Uitspraak Rechtbank Rotterdam
In deze zaak ging het om een medewerker in de functie van expediteur in de vervoersbranche. Deze medewerker was verantwoordelijk voor het organiseren van het verzenden van goederen op grote schaal. De werknemer nam in mei 2018 ontslag om bij de directe concurrent dezelfde werkzaamheden te verrichten. Met deze werknemer was een concurrentiebeding overeengekomen waarin is bepaald dat hij - kort gezegd – voor een periode van twee jaar binnen Nederland geen gelijksoortige werkzaamheden mag verrichten.
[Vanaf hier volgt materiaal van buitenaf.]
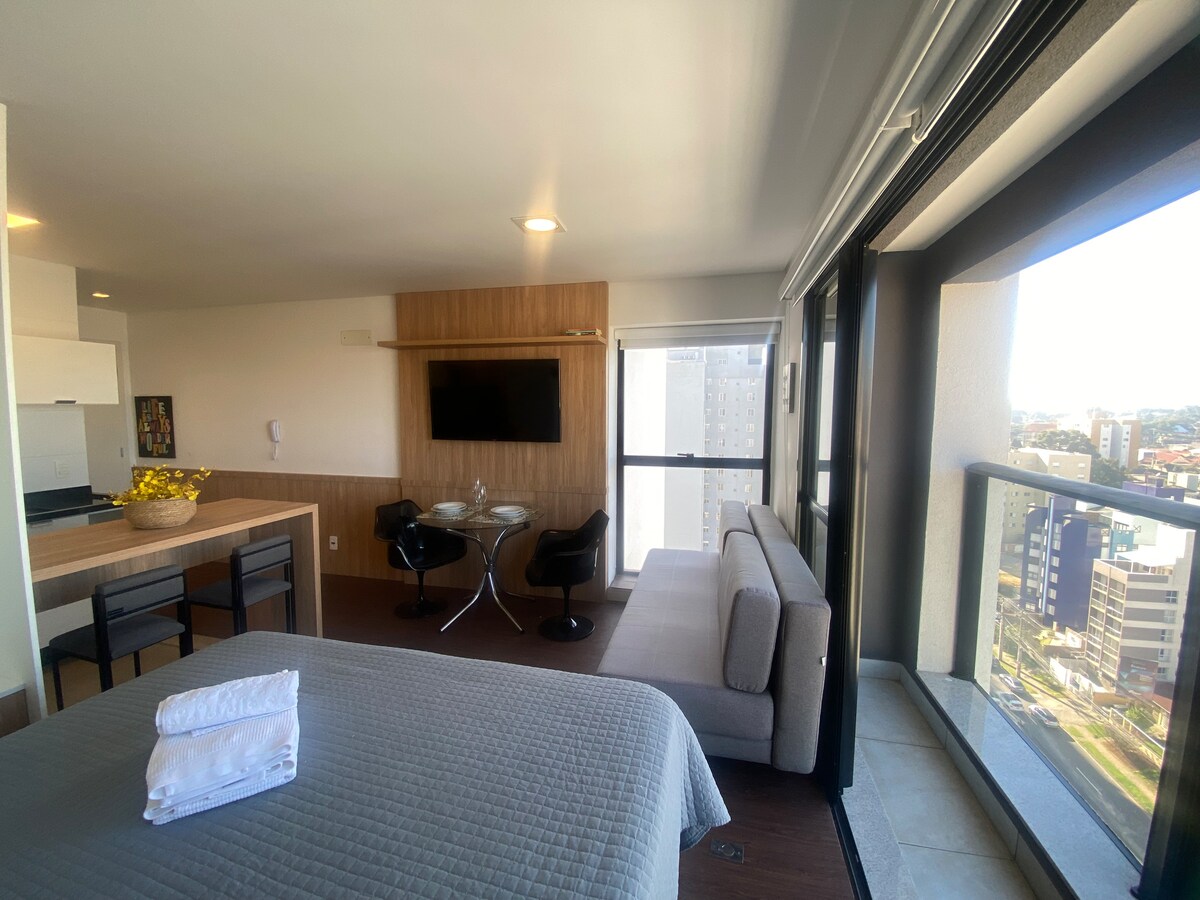 Studio moderno, novíssimo, aconchegante, perfeita localização, com uma linda vista da sacada, principalmente a noite . Wi-Fi rápido, mesa de trabalho, TV smart 55” , cama Queen. Ar condicionado (quente/frio). Máquina de lavar e secar roupa e uma linda ilha na cozinha. 50m2 de muito estilo-27ºandar, Silencioso. No Centro/Batel, próximo à comércios, bancos, shoppings, polo gastronômico e Hospital . No prédio :Piscina, academia, sala de jogos, sauna, jacuzzi, portaria 24 horas.

Er is een boetebeding in de arbeidsovereenkomst opgenomen. Er is een eenmalige boete van € 2.000,- en een boete van € 200,- voor iedere dag dat de overtreding voortduurt. De werkgever ontdekt dat de werknemer bij de directe concurrent in dienst is getreden. Daarna wijst de werkgever de werknemer in augustus 2018 schriftelijk op de geconstateerde overtreding van het concurrentiebeding. De werkgever waarschuwt de werknemer voor de boete. Toch besluit de werknemer zijn concurrerende werkzaamheden voort te zetten. Partijen voeren in februari 2019 een procedure in kort geding. Uit deze uitspraak blijkt niet wat de uitkomst was van de procedure in kort geding, maar ik vermoed dat het verzoek van werkgever om staking van de concurrerende werkzaamheden is afgewezen. De voormalig werknemer blijft zijn concurrerende werkzaamheden namelijk uitvoeren. In juni 2020 (anderhalf jaar na de uitspraak in kort geding) start de werkgever een bodemprocedure. Het concurrentiebeding gold voor twee  jaar en is inmiddels afgelopen. De werkgever vordert onder andere dat de verschuldigde boete voor overtreding van het concurrentiebeding alsnog wordt voldaan. De vordering van werkgever maximeert zij tot één jaar. De werkgever krijgt in deze procedure alsnog haar gelijk. De kantonrechter oordeelt dat de ex-werknemer twee jaar lang het concurrentiebeding heeft overtreden. Omdat de werkgever de boete zelf heeft gematigd tot één jaar, moet werknemer € 2.000,- plus 249 (dagen) x € 200,- betalen. De boete voor overtreding van het concurrentiebeding bedraagt in totaal € 51.800,- De rechter neemt in zijn overwegingen vrij snel aan dat sprake is van concurrentie. Hij overweegt het volgende: ‘De voormalig werknemer bedient’ dezelfde klanten op dezelfde markt. Zoveel is duidelijk’.
Geen matiging boete
De kantonrechter ziet geen reden om de boete te matigen. Hij overweegt dat het weliswaar een flink bedrag is, ‘maar het concurrentiebeding is niet voor niets overeengekomen.’ De werknemer had zich simpelweg moeten houden aan het concurrentiebeding. Volgen de kantonrechter moet een werknemer een boete wel ‘voelen’, anders heeft het weinig zin deze aan een concurrentiebeding te verbinden.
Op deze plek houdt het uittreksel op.